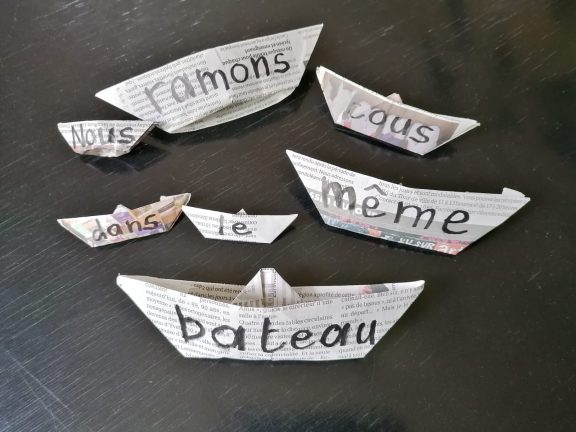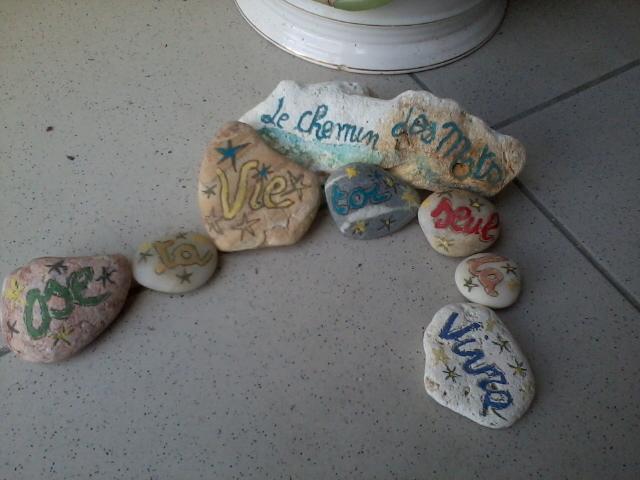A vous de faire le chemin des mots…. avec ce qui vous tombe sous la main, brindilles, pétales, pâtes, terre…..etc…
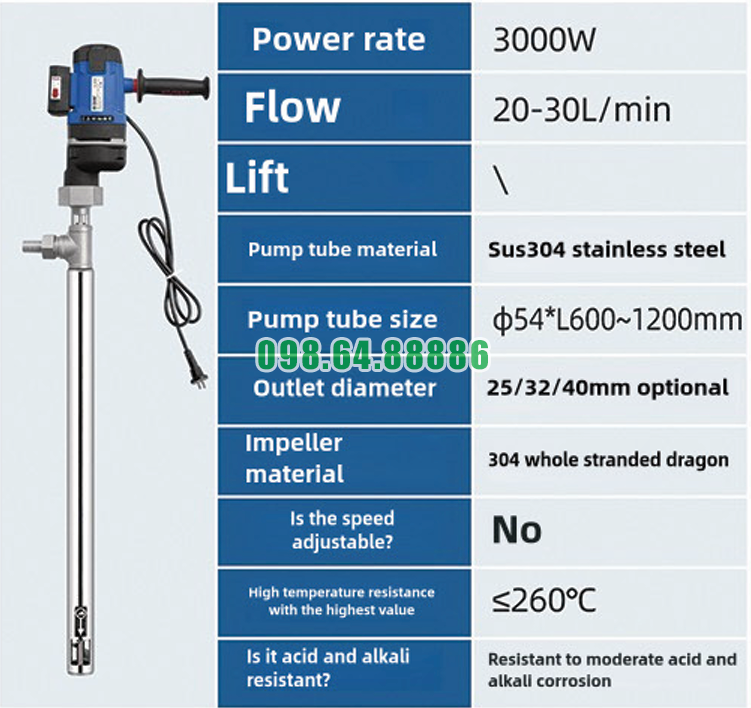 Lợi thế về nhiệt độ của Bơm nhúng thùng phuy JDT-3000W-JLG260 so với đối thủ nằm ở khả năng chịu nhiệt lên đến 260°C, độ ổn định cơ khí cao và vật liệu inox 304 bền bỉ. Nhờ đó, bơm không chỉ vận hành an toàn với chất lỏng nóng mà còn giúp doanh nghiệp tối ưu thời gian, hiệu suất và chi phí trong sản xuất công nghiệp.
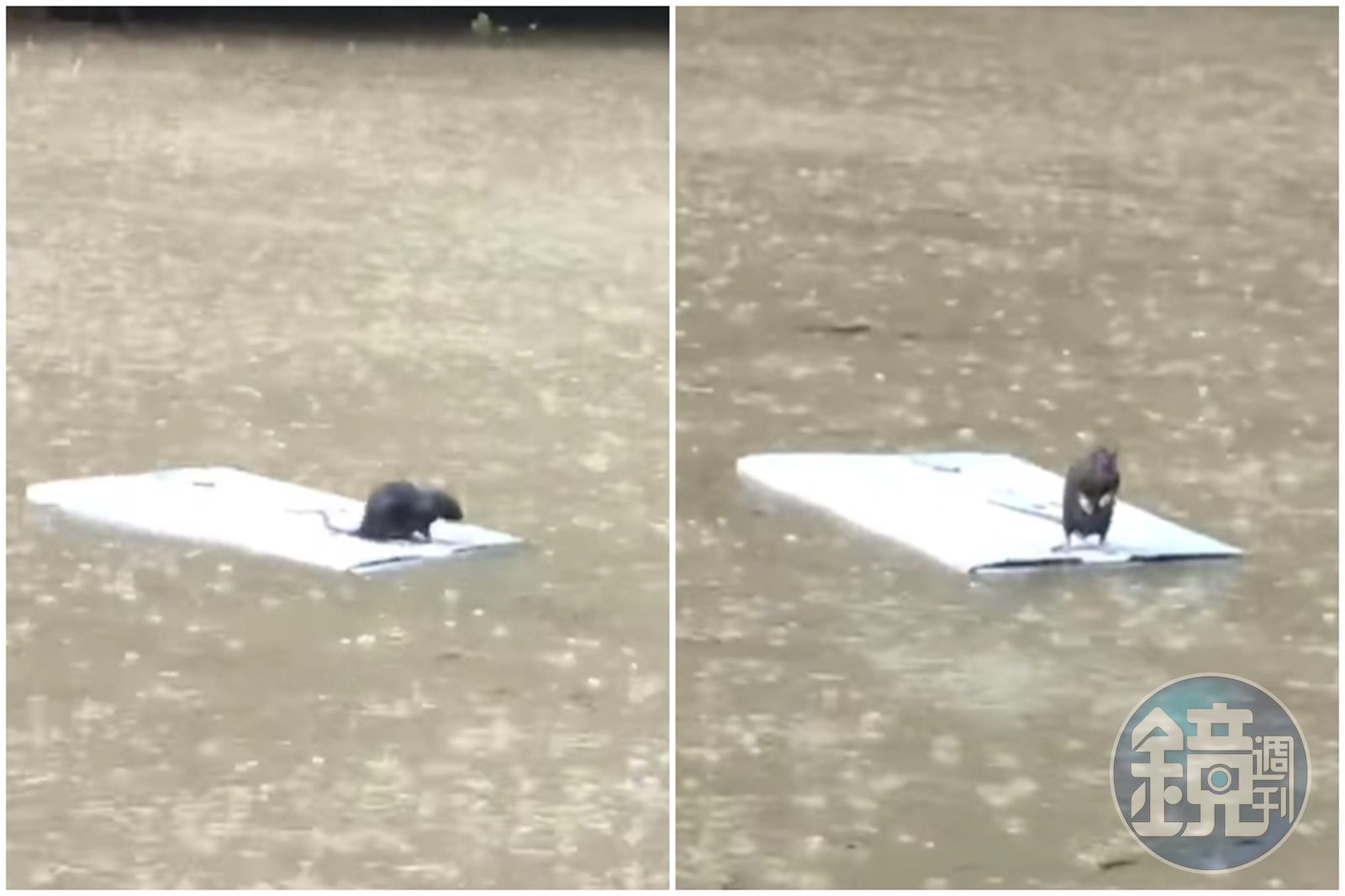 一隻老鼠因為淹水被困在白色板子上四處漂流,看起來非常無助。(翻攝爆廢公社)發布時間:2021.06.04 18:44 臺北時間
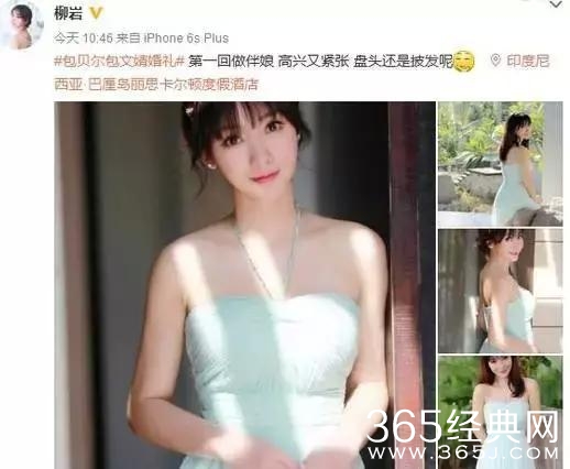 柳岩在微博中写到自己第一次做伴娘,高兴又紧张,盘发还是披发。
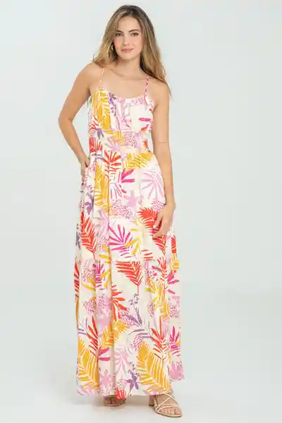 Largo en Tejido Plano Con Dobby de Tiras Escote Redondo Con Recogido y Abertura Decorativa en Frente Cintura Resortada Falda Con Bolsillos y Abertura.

## TASK GOAL
Return only the lines from the one that contains "一隻老鼠因為淹水被困在白色板子上四處漂流,看起來非常無助。(翻攝爆廢公社)發布時間:2021.06.04 18:44 臺北時間" through the closing line of the data, inclusive, reproduced exactly and with every picture left out.

## OUTPUT FOR THIS TASK
 一隻老鼠因為淹水被困在白色板子上四處漂流,看起來非常無助。(翻攝爆廢公社)發布時間:2021.06.04 18:44 臺北時間
 柳岩在微博中写到自己第一次做伴娘,高兴又紧张,盘发还是披发。
 Largo en Tejido Plano Con Dobby de Tiras Escote Redondo Con Recogido y Abertura Decorativa en Frente Cintura Resortada Falda Con Bolsillos y Abertura.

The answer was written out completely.